We are grateful to the observers who contributed buffelgrass phenology observations to Nature's Notebook, the one-time buffelgrass reporting form, and iNaturalist and Tucson-area managers who provided feedback at multiple junctures as we developed the forecasts. We also thank Alyssa Rosemartin, Ellen Denny and an anonymous reviewer for helpful reviews and data set management. This work was through Cooperative Agreements between the University of Arizona and the US Geological Survey (G18AC00135) and the US Fish and Wildlife Service (F16AC01075 and F19AC00168). Any use of trade, firm or product names is for descriptive purposes only and does not imply endorsement by the U.S. Government.

    CONFLICT OF INTEREST

    The authors declare no conflict of interest.

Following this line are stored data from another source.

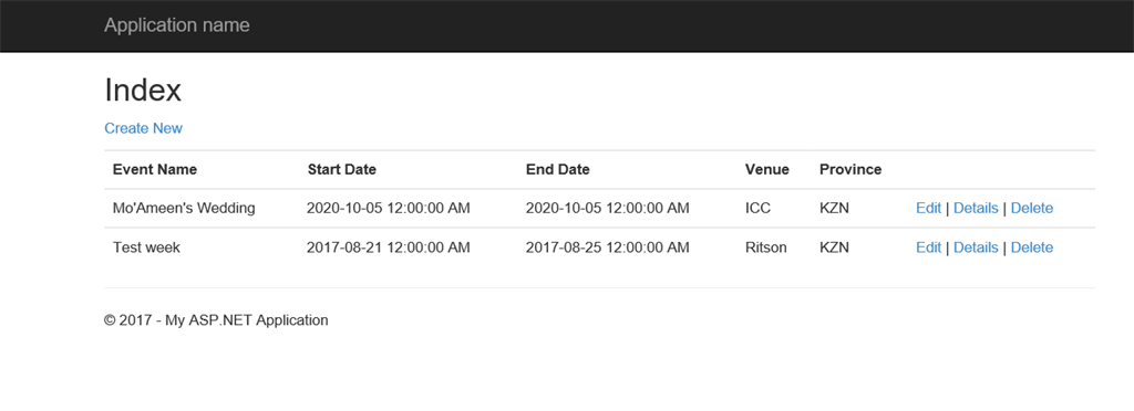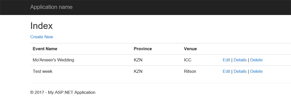 Now we create the ViewModel, this table combines the properties of all the other tables, only the values that you would like to join. Now we scaffold the Events and Locations Table as controllers with Entity Framework. Once we have the CRUD for these two tables we enter some dummy data so that we have data in our tables to display in our joined table.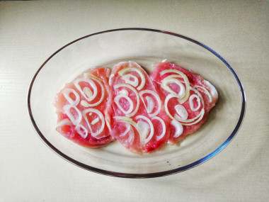 Противень для запекания застелите пергаментом. Правильно выбрать пергаментную бумагу вы сможете, прочитав отдельную статью про особенности пергамента, ссылка есть в конце рецепта. Выложите отбитое мясо на противень. Лук очистите от шелухи, помойте и нарежьте. Разложите нарезанный лук по мясу. Мясо присыпьте немного солью и специями.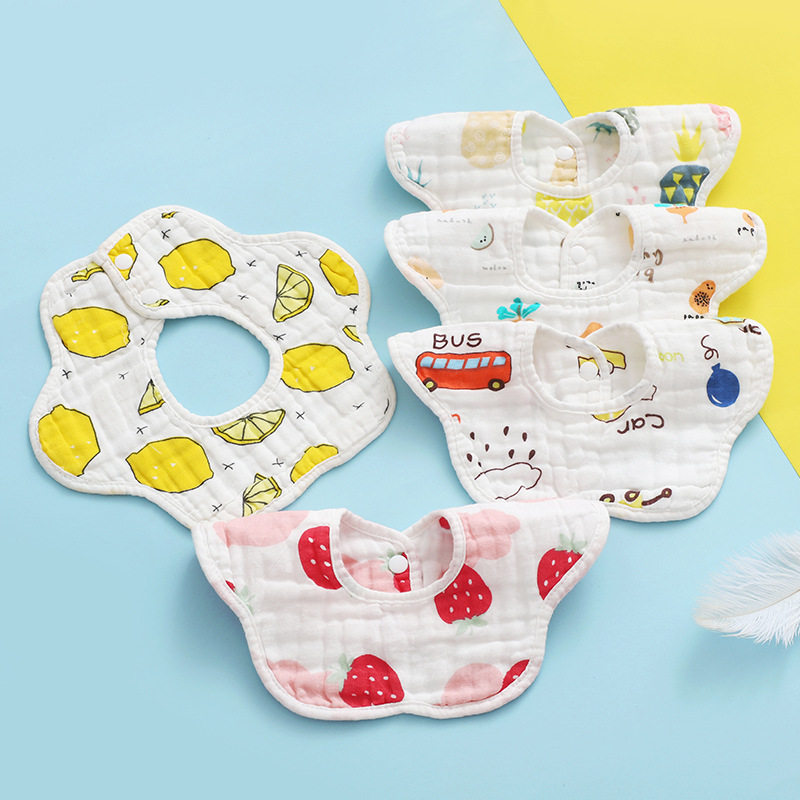 Newborn Baby Full Cotton Bubble yarn petal surrounding pocket pure cotton rotatable anti-spitting milk baby saliva towel child bib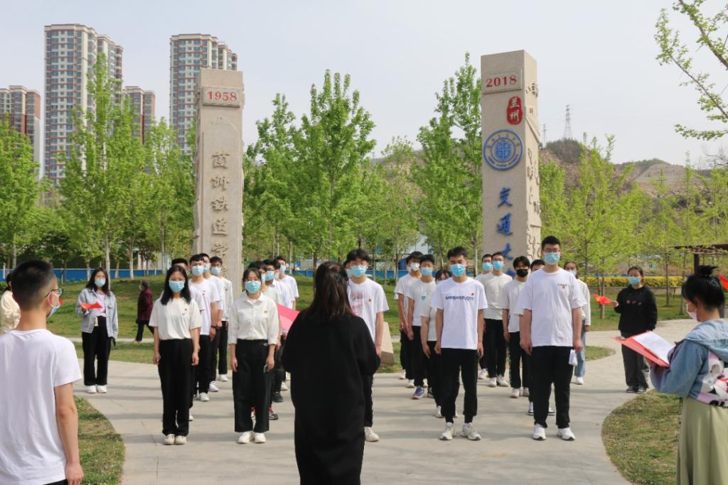 青年是国家的希望,青年是国家的栋梁。为提高广大团员先进意识,引导激励团员青年坚定中国特色社会主义理想信念,积极培育和践行社会主义核心价值观,切实加强共青团组织队伍建设和仪式教育。在喜迎二十大,建团100周年之际,机电工程学院于2022年4月24日在兰州交通大学和谐园校史柱旁举行了2022年新发展团员入团仪式。学院团委书记胡瑶,团学骨干、团员代表以及2022年度新发展团员共计30余人参加了入团仪式。

    AUTHORS' CONTRIBUTIONS

    TMC, KLG, EEP and CSAW conceived the maps. RLM and JS developed the maps. TMC and EEP collected ground observations. TMC performed validation analyses. TMC led the writing of the manuscript. All authors contributed critically to the drafts and gave final approval for publication.

    PEER REVIEW

    The peer review history for this article is available at https://publons.com/publon/10.1002/2688-8319.12109.

    DATA AVAILABILITY STATEMENT

    All data offered by the USA National Phenology Network are freely available for unrestricted use under a Creative Commons 4.0 (Attribution License). The map layers are publicly accessible through a number of mechanisms to maximize accessibility and usability. The USA-NPN's Buffelgrass Greenup Forecast map layers (2018–present) can be accessed and downloaded as raster files using the R package rnpn v1.1.1 (Marsh et al., 2020) and the USA-NPN's Geoserver Request Builder, an online raster query interface (www.usanpn.org/geoserver-request-builder); when accessed through these mechanisms, the layers are referred to as ‘Pheno Forecasts, Buffelgrass’. The maps can also be accessed as image files via the USA-NPN website (www.usanpn.org/data/forecasts/Buffelgrass). Regardless of the access mechanism used, users will receive the same data layer for the same date.

    The layers are stored on physical servers maintained by USA-NPN and backed up to Amazon Web Services.

    Metadata for these layers is stored at ReDATA (USA National Phenology Network, 2021).